We will run two kinds of auctions. One is a sealed bid auction, called the second-price auction, and the other is an open bid auction, called the ascending-bid auction. The experiment starts with a session of sealed bid auctions, containing eight rounds of auctions each with fresh value assignment, and then proceeds to a session of ascending-bid auctions also containing eight rounds.

(1) The Second-Priced Sealed Bid Auction

Each of you is paired with another anonymous participant. Every auction round starts with the value assignment. You and the other participant receive a number each as your prize value, which we call “assigned value.” After receiving the assigned value, both of you are asked to make a bid. That is, you have to specify a number to submit to the experimenters. We collect those submitted bids, and identify a bidder who submitted the higher bid between the two of you, as a winner. The winner receives the right to obtain her assigned value. In exchange, the winner has to pay the amount equal to the lower bid in the pair, that is, the bid amount the non-winner submitted. Please note that the payment required by the winner is not her own bid.

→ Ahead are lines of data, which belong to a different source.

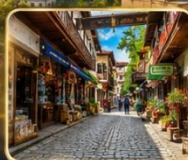
เดินเล่นย่านเมืองเก่าบรรยากาศย้อนยุค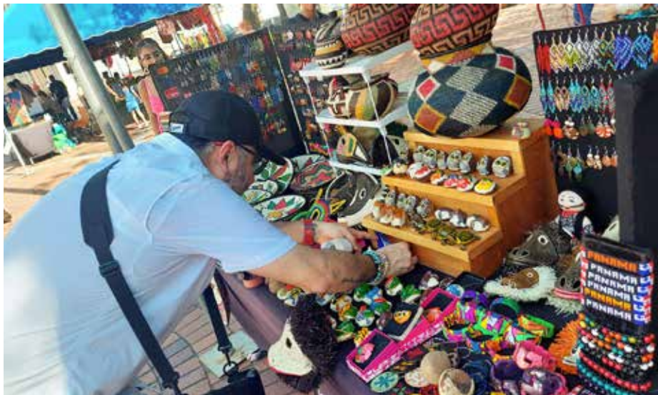
Las pulseras ("winis") que hacen las mujeres gunas son las más solicitadas.

En el Mercadito Artesanal Casco Antiguo, nacionales y extranjeros encuentran un recuerdo de su visita a la capital panameña.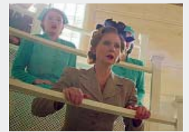
La camaleónica actriz pudo ser gobernadora de NY

1 ¿Recuerdas cuándo vio Alguien voló sobre el nido del cuco por primera vez? Solo recuerdo que me gustó y que me pareció muy oscura. Yo era una gran fan de Milos Forman, veía todo su cine. De hecho, salí en Amadeus . Es muy interesante que Ryan Murphy se haya fijado en Mildred Fletcher dentro de ese universo lleno de tíos haciendo muy de tíos.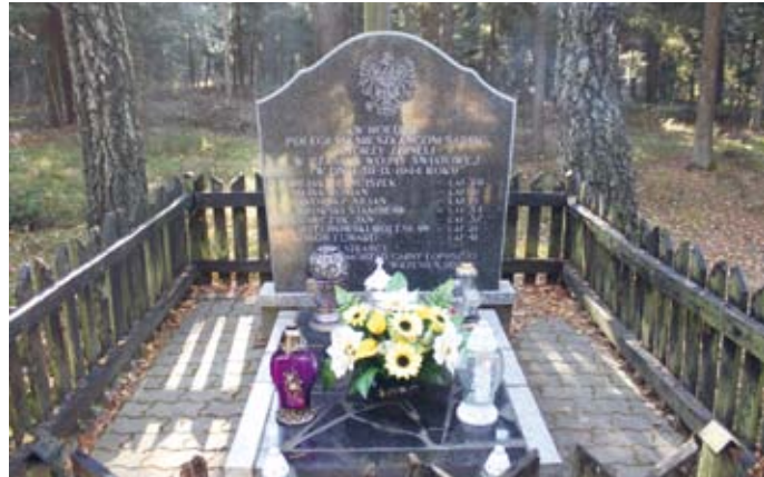
MIEJSCE PAMIĘCI ZAMORDOWANYCH MIESZKAŃCÓW WSI SARBICE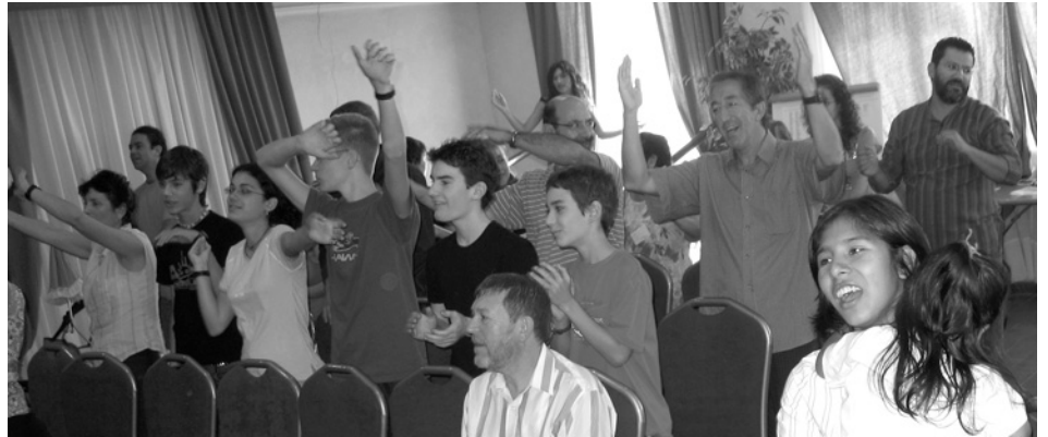
En retiros de iglesia como nuestros Encuentros Menonitas Españoles cada dos años, los chicos se lo suelen pasar tan bien como los mayores.

Observo que cada vez más se tiende a resolver esa tensión con un: «Hemos decidido que lo primero es la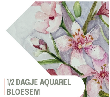
1/2 DAGJE AQUAREL BLOESEM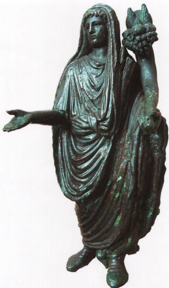
Fig. 2 Génie domestique, statuette en bronze ayant donné son nom à la domus à péristyle de l' insula 8 (en face du forum).

Schutzgott des Hauses, Bronzestatue, die der Domus mit Peristyl der Insula 8 (gegenüber dem Forum) den Namen gegeben hat.

You know that you are paired with someone, but you do not know who is paired with you. There are two treatments as to pairing. In one treatment, you are paired with a different person, randomly determined, in every round. We call this treatment, “Part 1.” In the other treatment, you are paired with a person randomly in a first round, and continue to bid against this same anonymous person in the rest of the rounds. We call this treatment “Part 2.” In Part 1, we start with the second price auction for eight rounds, and then proceed to “Part 2” for eight rounds. After that, we conduct the ascending-bid auction experiments under the treatment of Part 1 and then Part 2.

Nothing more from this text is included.